BEGIN Exercise materials
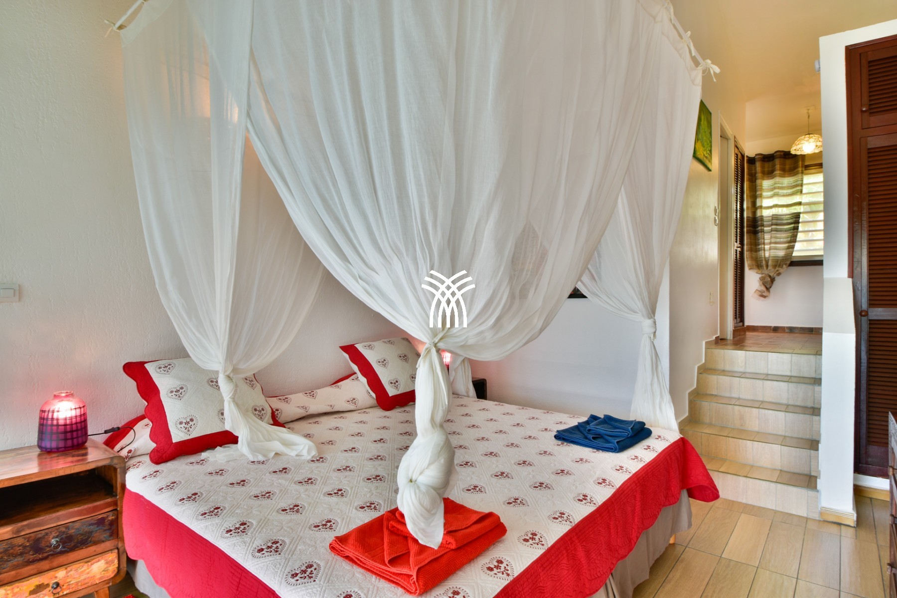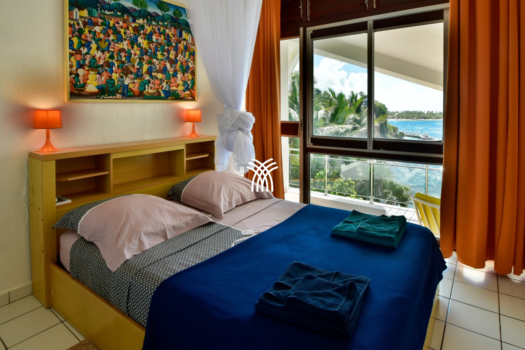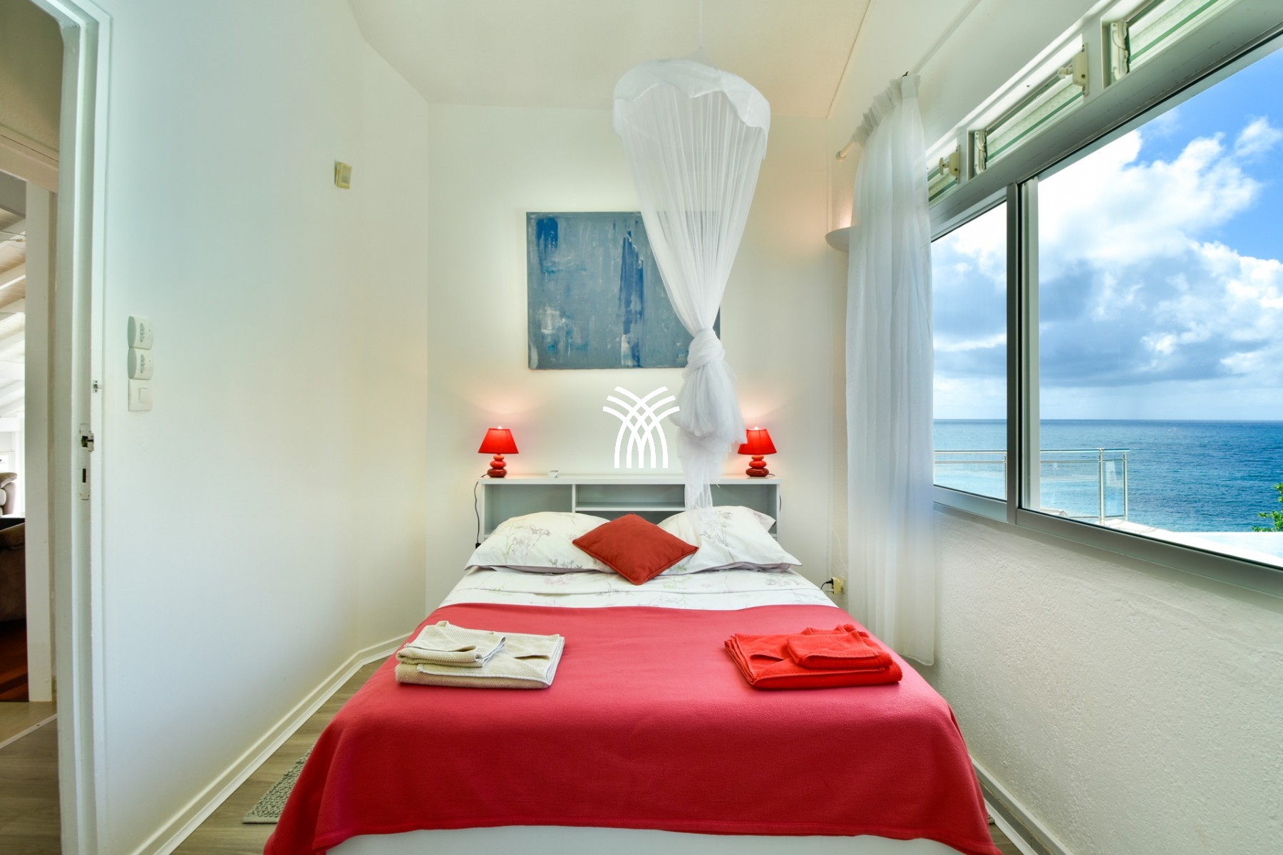 Lit queen size (160 x 200 cm), air-conditionné, moustiquaire, salle de bain avec baignoire et WC partagée avec chambre 2, vue mer
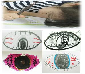 잎새반 유아들은 눈의 구조에 대한 호기심을 가지며 거울을 통해 새롭게 발견한 눈의 모습을 그림으로 표현해 보며 생각을 구체화시켜 나갑니다. 교사: 검은 눈동자, 갈색 눈동자, 흰색 눈동자만 있어도 우리가 앞을 볼 수 있을까?
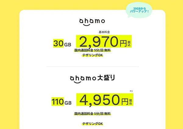 ahamoは、月額2,970円で30GB、月額4,950円で110GBが利用できるシンプルでコストパフォーマンスの高いプランです。
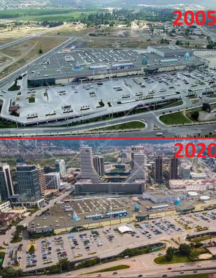 Şahin, Bursa’nın Manhattan’ı olarak nitelendirieln Nilüfer’deki bölgenin, 2005 ve 2020 yıllarında çekilmiş fotoğrafını göndererek isim vermeden Mustafa Bozbey’i eleştiriyor.
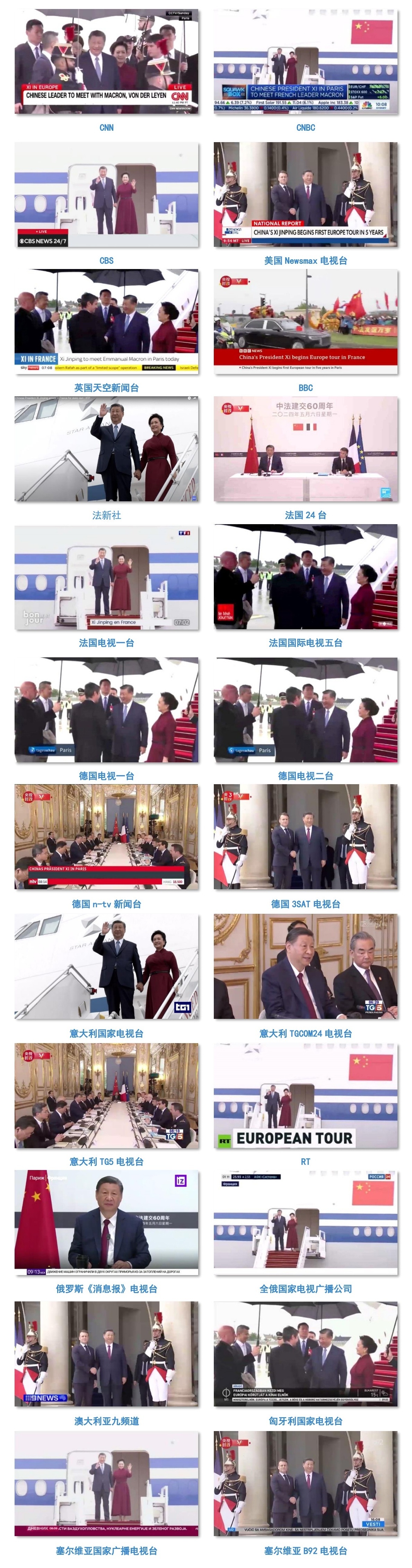 广泛覆盖!总台国际视频通讯社对外发布“习主席欧洲之行”相关新闻视频179条,被包括CNN、CNBC、CBS、BBC、法国24台、法国新闻台、法国国际电视五台、RT、全俄国家电视广播公司、德国之声、德国电视一台、意大利广播电视公司、塞尔维亚国家广播电视台、匈牙利国家电视台、葡萄牙国家广播电视台、日本NHK、新加坡亚洲新闻台、印度全印电视台、韩联社、澳大利亚广播公司等在内的87个国家和地区的497家电视台及新媒体平台采用播出6031次。其中,欧洲媒体平台数量占比40%,共有35个欧洲国家的199家电视台采用播出2520次。
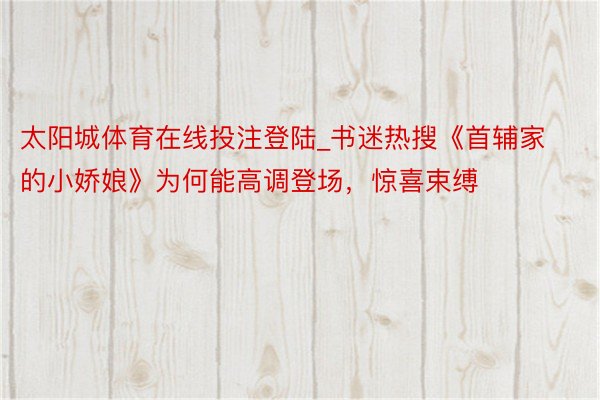 太阳城体育在线投注登陆_书迷热搜《首辅家的小娇娘》为何能高调登场,惊喜束缚
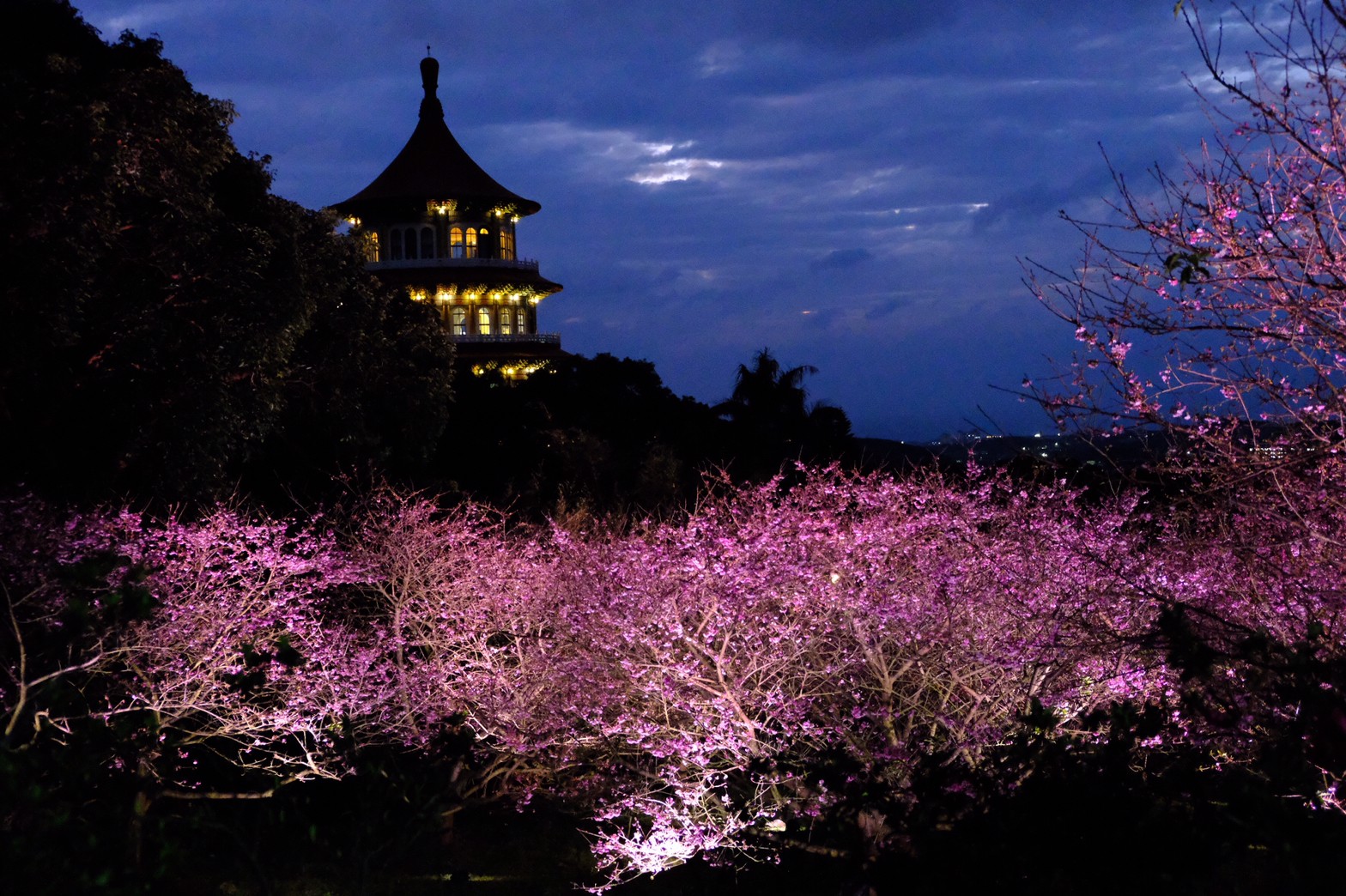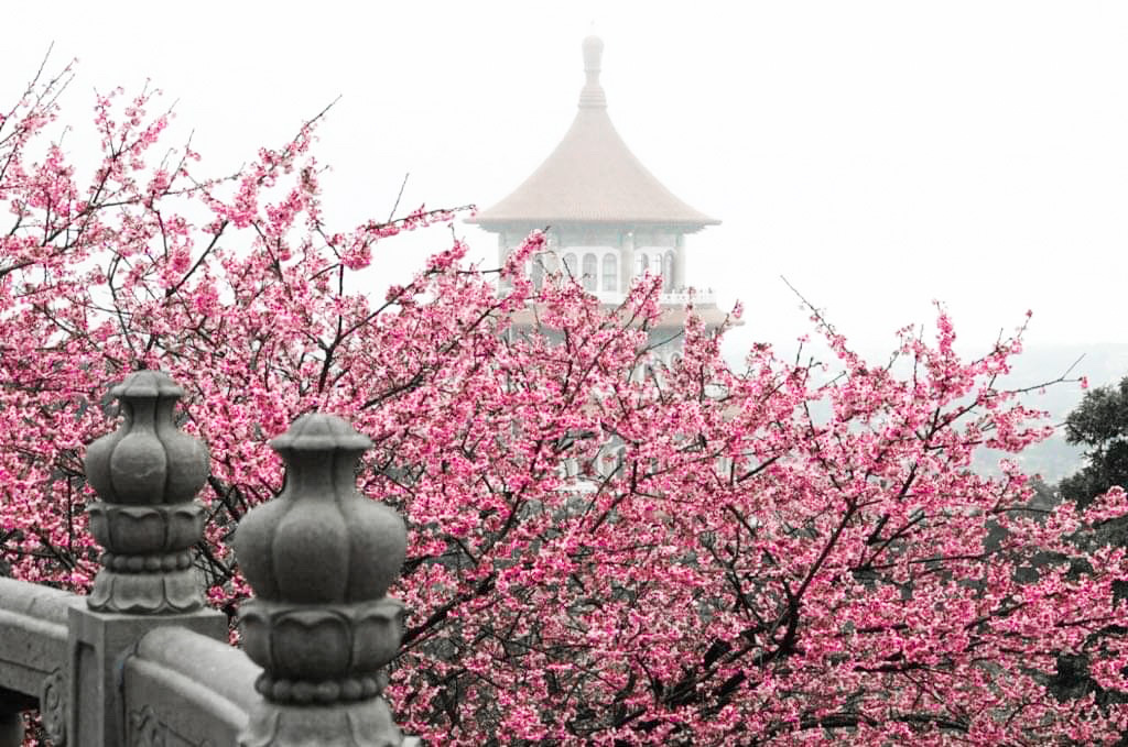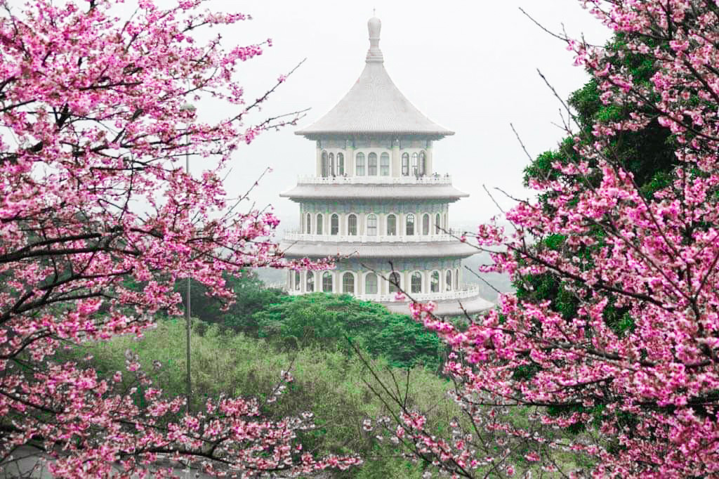 淡水天元宮位於新北市淡水源里北新路三段,距離淡水市區,淡水捷運站約5公里的路程,處於大屯山脈的西北邊,園區近年來每到3月時節周圍的櫻花盛開,成為大台北旅遊賞櫻相當興盛的景點,淡水天元宮有分後山與天壇兩處賞櫻區,兩區的櫻花品種不同,開花的時間不一樣,所以賞花的時間也會不同,後山主要是三色櫻,有粉色,白色,桃紅三色,這區會比較早開,天壇周圍的櫻花為吉野櫻,也是大家最喜歡拍的櫻花,會比後山稍微慢一個月左右才會盛開,在天元宮,晚上也是可以賞櫻的,晚上會開燈,也可以來這裡欣賞夜櫻!晚上賞櫻也是滿美的。
END Exercise materials
■ Instructions to follow ■
Set down all records verbatim, omitting images.

■ Completed task ■
 Lit queen size (160 x 200 cm), air-conditionné, moustiquaire, salle de bain avec baignoire et WC partagée avec chambre 2, vue mer
 잎새반 유아들은 눈의 구조에 대한 호기심을 가지며 거울을 통해 새롭게 발견한 눈의 모습을 그림으로 표현해 보며 생각을 구체화시켜 나갑니다. 교사: 검은 눈동자, 갈색 눈동자, 흰색 눈동자만 있어도 우리가 앞을 볼 수 있을까?
 ahamoは、月額2,970円で30GB、月額4,950円で110GBが利用できるシンプルでコストパフォーマンスの高いプランです。
 Şahin, Bursa’nın Manhattan’ı olarak nitelendirieln Nilüfer’deki bölgenin, 2005 ve 2020 yıllarında çekilmiş fotoğrafını göndererek isim vermeden Mustafa Bozbey’i eleştiriyor.
 广泛覆盖!总台国际视频通讯社对外发布“习主席欧洲之行”相关新闻视频179条,被包括CNN、CNBC、CBS、BBC、法国24台、法国新闻台、法国国际电视五台、RT、全俄国家电视广播公司、德国之声、德国电视一台、意大利广播电视公司、塞尔维亚国家广播电视台、匈牙利国家电视台、葡萄牙国家广播电视台、日本NHK、新加坡亚洲新闻台、印度全印电视台、韩联社、澳大利亚广播公司等在内的87个国家和地区的497家电视台及新媒体平台采用播出6031次。其中,欧洲媒体平台数量占比40%,共有35个欧洲国家的199家电视台采用播出2520次。
 太阳城体育在线投注登陆_书迷热搜《首辅家的小娇娘》为何能高调登场,惊喜束缚
 淡水天元宮位於新北市淡水源里北新路三段,距離淡水市區,淡水捷運站約5公里的路程,處於大屯山脈的西北邊,園區近年來每到3月時節周圍的櫻花盛開,成為大台北旅遊賞櫻相當興盛的景點,淡水天元宮有分後山與天壇兩處賞櫻區,兩區的櫻花品種不同,開花的時間不一樣,所以賞花的時間也會不同,後山主要是三色櫻,有粉色,白色,桃紅三色,這區會比較早開,天壇周圍的櫻花為吉野櫻,也是大家最喜歡拍的櫻花,會比後山稍微慢一個月左右才會盛開,在天元宮,晚上也是可以賞櫻的,晚上會開燈,也可以來這裡欣賞夜櫻!晚上賞櫻也是滿美的。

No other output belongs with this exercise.